A part of me doesn’t want to know if God has truly redeemed the criminal who claims salvation in prison.  There is a voice that says, that’s God’s business.  Yet, we are the church who is the body and blood of Christ.  And our message to the criminal or to our neighbor should be, “hey, that’s up in the air, you should hope for the best.”  Our message needs to be, “you are forgiven.”

While the question of baptism shouldn’t be, is yours authentic or does it count, we need to bear in mind the boldness of our passage that Peter basically said, “although everyone will say you’re out, you’re in.

The church would debate whether or not this was true, but we need to remember, Peter points to the deepest part of baptism here: people who were considered sinful were not considered beloved. It was not an accident to the story that Pete, Delmar and Everett were prisoners.  It is not by accident that we stumble over forgiving those who offend us.

Pastors may spend too much time arguing over the meaning of baptism until it looks a bit silly.  But we, the church, don’t spend enough time considering whether we are living in ways that reflect baptism.  Are we dying to live?  Are we accepting our acceptance by offering grace to the undeserving?  Are we like Everett in our sophistication about how unlikely is the power of forgiveness to redeem life, or are we like Pete and Delmar so deeply convinced that grace can literally erase misdeed?

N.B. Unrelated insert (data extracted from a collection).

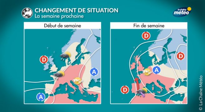 A partir de mercredi et jusqu'en fin de semaine, la France passe sous l'influence d'un anticyclone présent sur l'Europe centrale. Le temps est sec quasiment partout. Les matinées sont plus fraîches et parfois brumeuses dans les plaines et les vallées puis le soleil s'impose plus ou moins facilement au gré de la dissipation des nuages bas. Seule exception, le Languedoc-Roussillon où les entrées maritimes persistent, apportant un temps médiocre et quelques ondées sur les Cévennes.
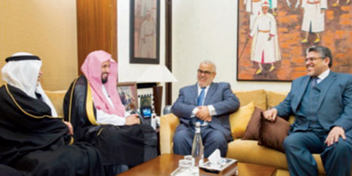 استقبل معالي رئيس الحكومة المغربية السيد/ عبدالإله بن كيران بمقر رئاسة الحكومة بالرباط معالي وزير العدل رئيس المجلس الأعلى للقضاء الشيخ الدكتور وليد بن محمد الصمعاني الذي يقوم بزيارة رسمية للمغرب تلبية لدعوة من معالي وزير العدل والحريات بالمملكة المغربية الشقيقة على رأس وفد قضائي رفيع المستوى.
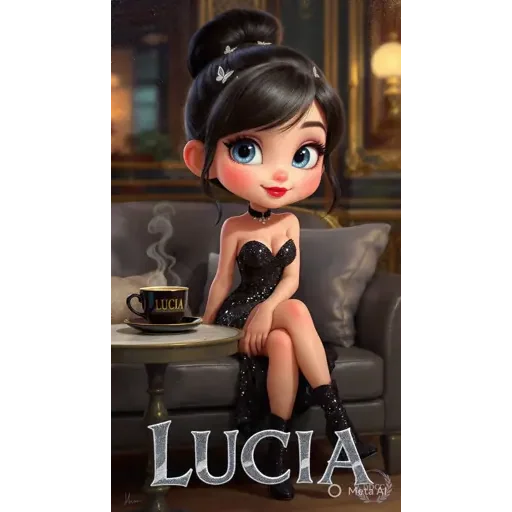 Uma mulher de cabelo preto e olhos azuis sentada em um sofá com um bule de café fumegante em uma mesa ao lado. Ela está vestida com um vestido preto e tem o nome 'LUCIA' escrito abaixo.

No one wants to look dumb as a bag of hammers.  And I want to say that determining baptism is not a likely prospect given the fact that for the last two thousand years the church has been arguing about baptism.  Even though we may not be able to determine the reach or design or degree of baptism, baptism should determine how we treat each other, what we are willing to be for each other.

The only real great clue about baptism we have in our passage today is when it says, for the forgiveness of sins.  The church has often taken this clue and tried to rush the gates of heaven or make demands on those seeking baptism that they are truly repentant.  Yet, the clue of our passage isn’t about the baptized, but the church.  How is the church the one who welcomes the unwashed, the unwanted, the outcast?  That is the nature of baptism, accepting the undesirable.  That is what fueled Delmar and Pete with such great hope: maybe the world would no longer see us as criminals.

The church would debate this issue for the next fifty years directly, and from that point on indirectly.  Maybe arguing about this is the way we work it out.  Maybe struggling with inclusion and acceptance and seeing each other as right with God is the nature of the church. Maybe.

Yet, what if we do more than argue?  What if we are bold with grace?  Sometimes the fight is life.  Pete and Delmar believed they have been given something truly profound and powerful in baptism, is that what we believe?  To be forgiven, to be free of sin: this is what Christ has called us to offer to the world.  Are we without ability to contain the joy of this hope or are we a bit too realistic, a bit too much like Everett?

Freedom from sin, acceptance, being made right with God that is what Peter offered to the house in Caesarea.  How that is, how much, does it include the fine State of Mississippi, that is open for debate?  And we can.  Yet, what we must do, what we must be (somehow and ever) is bold in offering grace, bold in our inclusion and acceptance.  Baptism is a truly wily sacrament.  Amen.